_EXERCISE:_ Please restate each line of the data that follows word for word, skipping any image.

_INFORMATION PROVIDED:_
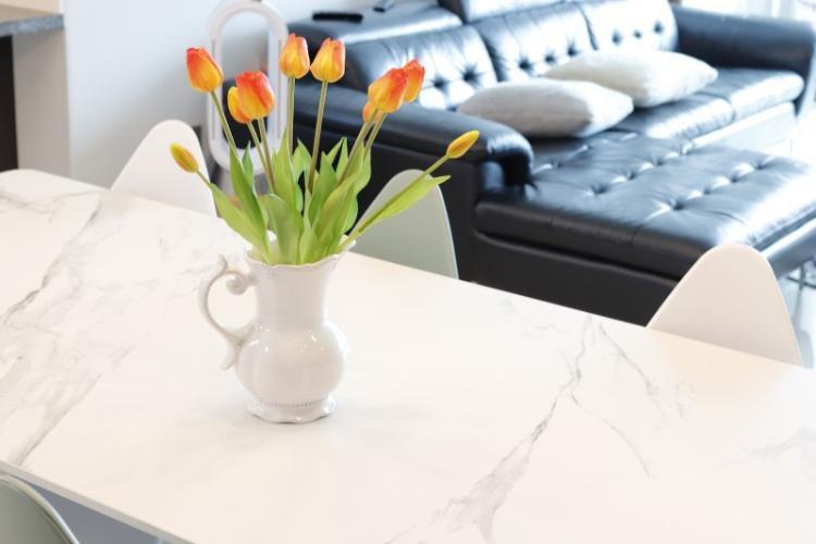 우리집 식탁은 이태리 포쉐린 타일로 주문 제작 된 카라카타테이블이에요:) 8인용 식탁이라 여유롭게 앉아 식사를 즐길 수 있답니다.
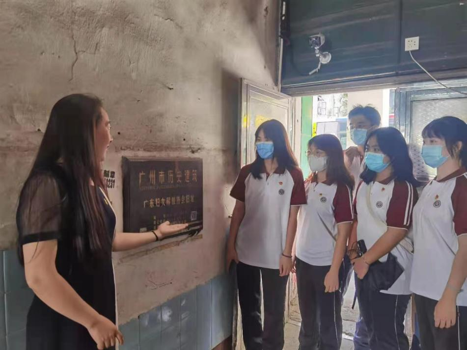 现在所看到的广东妇女解放协会旧址保存了原有的风貌,虽然显得有些残破,但门口墙上的那块石碑证明着协会在历史上曾经发挥过的伟大作用。课程组老师于丹丹在这块石碑前详细介绍了这段历史,也对广东妇女解放运动对全国女性解放以及日后中国男女平等的政策影响等做了讲解。
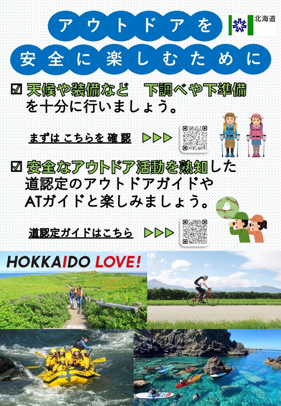 北海道のホームページを参考に十分注意し、安全にアウトドアを楽しんでください。
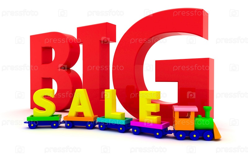 Надпись БОЛЬШАЯ РАСПРОДАЖА на игрушечном паровозе

_EXPECTED ANSWER:_
 우리집 식탁은 이태리 포쉐린 타일로 주문 제작 된 카라카타테이블이에요:) 8인용 식탁이라 여유롭게 앉아 식사를 즐길 수 있답니다.
 现在所看到的广东妇女解放协会旧址保存了原有的风貌,虽然显得有些残破,但门口墙上的那块石碑证明着协会在历史上曾经发挥过的伟大作用。课程组老师于丹丹在这块石碑前详细介绍了这段历史,也对广东妇女解放运动对全国女性解放以及日后中国男女平等的政策影响等做了讲解。
 北海道のホームページを参考に十分注意し、安全にアウトドアを楽しんでください。
 Надпись БОЛЬШАЯ РАСПРОДАЖА на игрушечном паровозе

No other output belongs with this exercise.